EXERCISE INSTRUCTIONS: In the entries that follow, find every line containing "after" and copy it.

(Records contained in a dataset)
-------------------------

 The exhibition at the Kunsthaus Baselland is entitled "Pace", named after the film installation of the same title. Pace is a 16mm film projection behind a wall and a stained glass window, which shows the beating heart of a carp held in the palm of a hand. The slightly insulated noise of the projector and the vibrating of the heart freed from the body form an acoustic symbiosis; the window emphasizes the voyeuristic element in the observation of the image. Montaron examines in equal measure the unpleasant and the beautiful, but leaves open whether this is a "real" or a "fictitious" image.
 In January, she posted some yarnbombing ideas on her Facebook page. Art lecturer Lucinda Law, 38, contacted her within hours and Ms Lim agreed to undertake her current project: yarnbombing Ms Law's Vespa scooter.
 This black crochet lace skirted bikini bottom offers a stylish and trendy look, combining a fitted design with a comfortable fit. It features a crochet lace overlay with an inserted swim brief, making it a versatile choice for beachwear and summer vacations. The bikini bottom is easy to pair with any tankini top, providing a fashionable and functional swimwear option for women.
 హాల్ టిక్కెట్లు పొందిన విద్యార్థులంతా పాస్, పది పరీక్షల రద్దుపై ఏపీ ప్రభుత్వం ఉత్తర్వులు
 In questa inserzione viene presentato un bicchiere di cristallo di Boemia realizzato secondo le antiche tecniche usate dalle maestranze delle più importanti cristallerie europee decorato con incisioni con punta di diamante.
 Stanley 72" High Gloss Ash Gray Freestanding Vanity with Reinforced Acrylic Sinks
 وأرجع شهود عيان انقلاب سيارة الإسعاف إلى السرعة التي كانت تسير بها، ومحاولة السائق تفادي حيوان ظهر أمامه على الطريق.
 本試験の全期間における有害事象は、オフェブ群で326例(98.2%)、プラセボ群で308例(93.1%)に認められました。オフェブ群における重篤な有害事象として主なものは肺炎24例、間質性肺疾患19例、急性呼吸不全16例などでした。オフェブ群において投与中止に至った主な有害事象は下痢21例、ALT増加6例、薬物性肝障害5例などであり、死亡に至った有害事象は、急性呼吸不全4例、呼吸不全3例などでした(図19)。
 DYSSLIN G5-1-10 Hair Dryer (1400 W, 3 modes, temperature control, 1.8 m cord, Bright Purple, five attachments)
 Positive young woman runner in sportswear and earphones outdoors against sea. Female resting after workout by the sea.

-------------------------

EXERCISE RESPONSE:
 The exhibition at the Kunsthaus Baselland is entitled "Pace", named after the film installation of the same title. Pace is a 16mm film projection behind a wall and a stained glass window, which shows the beating heart of a carp held in the palm of a hand. The slightly insulated noise of the projector and the vibrating of the heart freed from the body form an acoustic symbiosis; the window emphasizes the voyeuristic element in the observation of the image. Montaron examines in equal measure the unpleasant and the beautiful, but leaves open whether this is a "real" or a "fictitious" image.
 Positive young woman runner in sportswear and earphones outdoors against sea. Female resting after workout by the sea.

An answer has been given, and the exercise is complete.